Other than that, what's the point? Who cares if the person walks, runs, drives, or gets beamed up? If it doesn't reveal character, advance the plot, or strengthens the themes, skip it.

jannawrites
11-13-2007, 04:02 AM
For me, the way the MC moves across a room is a direct indication of the mood she's in. For instance, the particular passage that led me to start this thread is when she's just received a threatening message from her eventual stalker. How she moves from the phone to the chair - where she sinks, lost in thought - will help show the distress she's feeling.

maestrowork
11-13-2007, 04:04 AM
That belongs to "reveal character" -- so describe how she sulks, slumps, drags, etc. her way to the chair.
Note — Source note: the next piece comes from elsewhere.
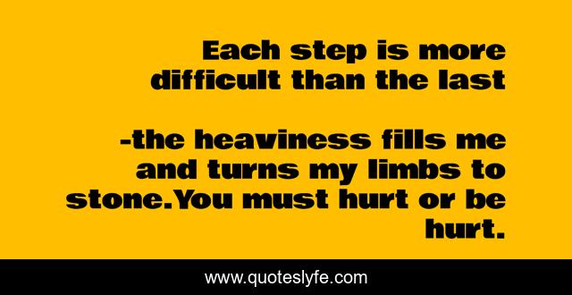 "the heaviness fills me and turns my limbs to stone.You must hurt or be hurt. Quotes." Quoteslyfe.com, 2025. Fri. 05 Dec. 2025. <https://www.quoteslyfe.com/quote/Each-step-is-more-difficult-than-the-179137>.

Use a strong verb: I just gave you three. ;)

jannawrites
11-13-2007, 04:19 AM
That belongs to "reveal character" -- so describe how she sulks, slumps, drags, etc. her way to the chair. Use a strong verb: I just gave you three. ;)

Excellent. Thanks!

ACEnders
11-14-2007, 07:46 PM
Man....there is always so much to cut after the first draft! I didn't even think about this aspect...I was so focused on cutting on things like "Hey!" he shouted angrily. I've been told not to use adverbs. Now I shouldn't say "She went into the living room to find.." unless something happens along the way to the living room?

FennelGiraffe
11-14-2007, 10:23 PM
Man....there is always so much to cut after the first draft! I didn't even think about this aspect...I was so focused on cutting on things like "Hey!" he shouted angrily. I've been told not to use adverbs. Now I shouldn't say "She went into the living room to find.." unless something happens along the way to the living room?
Never buy into any writing rule that says "never". ;)

I guess it's human nature to want a short and snappy "Never do X", but the proper version is always more nuanced, worded something like "Watch out for overdoing X" and "In most cases, doing Y instead of X works better."

Second, in my opinion, there's a huge difference between physical movement within a scene and physical movement between scenes. If your char is moving around during a scene, the action has to make sense. If she starts the scene stirring a pot on the stove, then yeah, you do need to mention she's going to the living room before you start talking about searching under the sofa cushions. (For the quibblers: even if it's an open plan great room, the sofa is probably not right beside the stove.)

However, "she went" is a little weak. Consider using a stronger verb. Maybe "She stomped into the living room" or "She trudged into the living room" or "She tip-toed into the living room." Then again, sometimes the stronger verb would be distracting and "she went" is just right. It's all about judgment and what works best for this sentence in this scene.